The U.S. Food and Drug Administration (FDA) has approved Novartis’ Itvisma® (onasemnogene abeparvovec-brve) for children aged two years and older, as well as teens and adults, living with spinal muscular atrophy (SMA) caused by a confirmed mutation in the SMN1 gene. The decision marks a major milestone as Itvisma becomes the first and only gene replacement therapy authorized for such a broad SMA patient population in the United States.
SMA is a rare, progressive neuromuscular disorder triggered by the absence or mutation of the SMN1 gene, which produces a protein essential for muscle function, movement, swallowing, and breathing. Without adequate SMN protein, motor neurons deteriorate, leading to severe muscle weakness. While the SMN2 gene can partially compensate, it produces only a small fraction of the necessary protein, resulting in significant clinical limitations for most patients.
Itvisma is designed to address the genetic root cause of SMA through a one-time fixed-dose gene replacement approach.

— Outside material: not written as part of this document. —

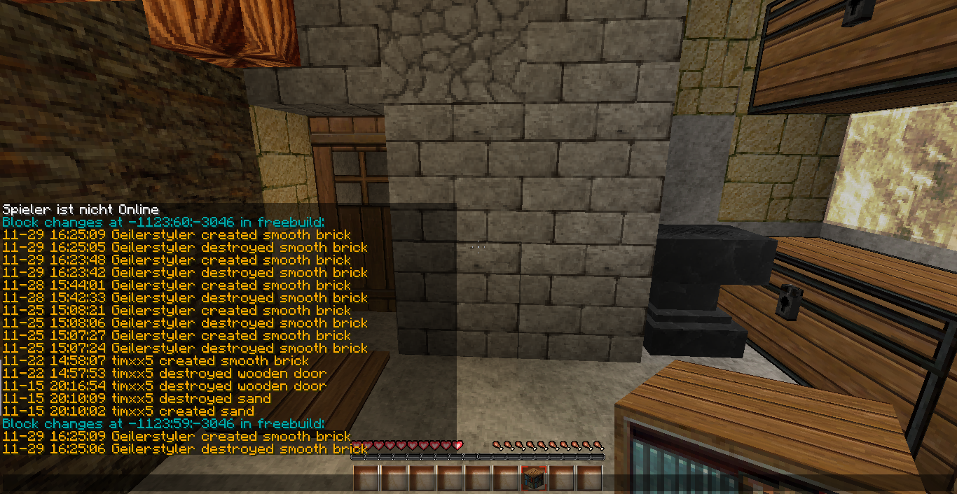 Geilerstyler hat bei timxx5 im gegrieft! Gestohlene Gegenstände: 4x smooth brick (2gesetzt) Gesamtzahl der Blöcke: 4 Strafe: 1600 Mark 30 Minuten Jail PE-Nummer:1507 [Strafe offen] Vollzogen am 17.01 by Sebiii_ [Konnte Geld nicht Zahlen, wurde in Jail umgewandelt]

Notably, the therapy does not require dose adjustments based on a patient’s age or weight, potentially simplifying administration and broadening accessibility. By restoring a functional copy of the SMN1 gene, Itvisma aims to improve motor function and reduce reliance on chronic therapies that require ongoing dosing.
Experts in neuromuscular medicine are calling the FDA approval a transformative moment.

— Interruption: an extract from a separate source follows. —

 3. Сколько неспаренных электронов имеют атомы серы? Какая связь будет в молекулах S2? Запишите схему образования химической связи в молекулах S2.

“The FDA’s approval of intrathecal onasemnogene abeparvovec is a game-changing advance, expanding the use of transformational gene replacement therapy for SMA across age groups,” said Dr. John W. Day, Professor of Neurology and Pediatrics at Stanford University School of Medicine. He noted that this milestone not only advances SMA care but also opens new possibilities for treating other neurological and genetic diseases.
The FDA’s decision is supported by robust data from the registrational Phase III STEER trial and the open-label Phase IIIb STRENGTH study. The therapy demonstrated statistically significant improvements in motor function and, critically, stabilization of abilities not typically maintained in the natural progression of SMA. These effects remained sustained over 52 weeks of follow-up. Safety findings were consistent across both clinical trials, with the most common adverse events including upper respiratory tract infections, fever, common colds, and vomiting.
Advocacy groups also welcomed the approval as an overdue advancement for older SMA patients, who have historically had fewer therapeutic options.
“This new route of administration for a single dose of gene replacement therapy can mean so much more than what is measured by numbers on a functional motor scale—it could mean greater independence and freedom in daily life,” said Kenneth Hobby, President of Cure SMA. He added that the SMA treatment landscape has evolved rapidly over the past six years, and Itvisma’s approval represents additional progress toward addressing unmet needs.
An estimated 9,000 people in the United States live with SMA, and while treatment options have expanded in recent years, significant gaps remain—especially for older children, adolescents, and adults seeking to preserve motor neurons and maintain physical strength. The approval of Itvisma offers renewed hope for this wider patient community and reinforces the growing role of gene therapy in the future of neurological care.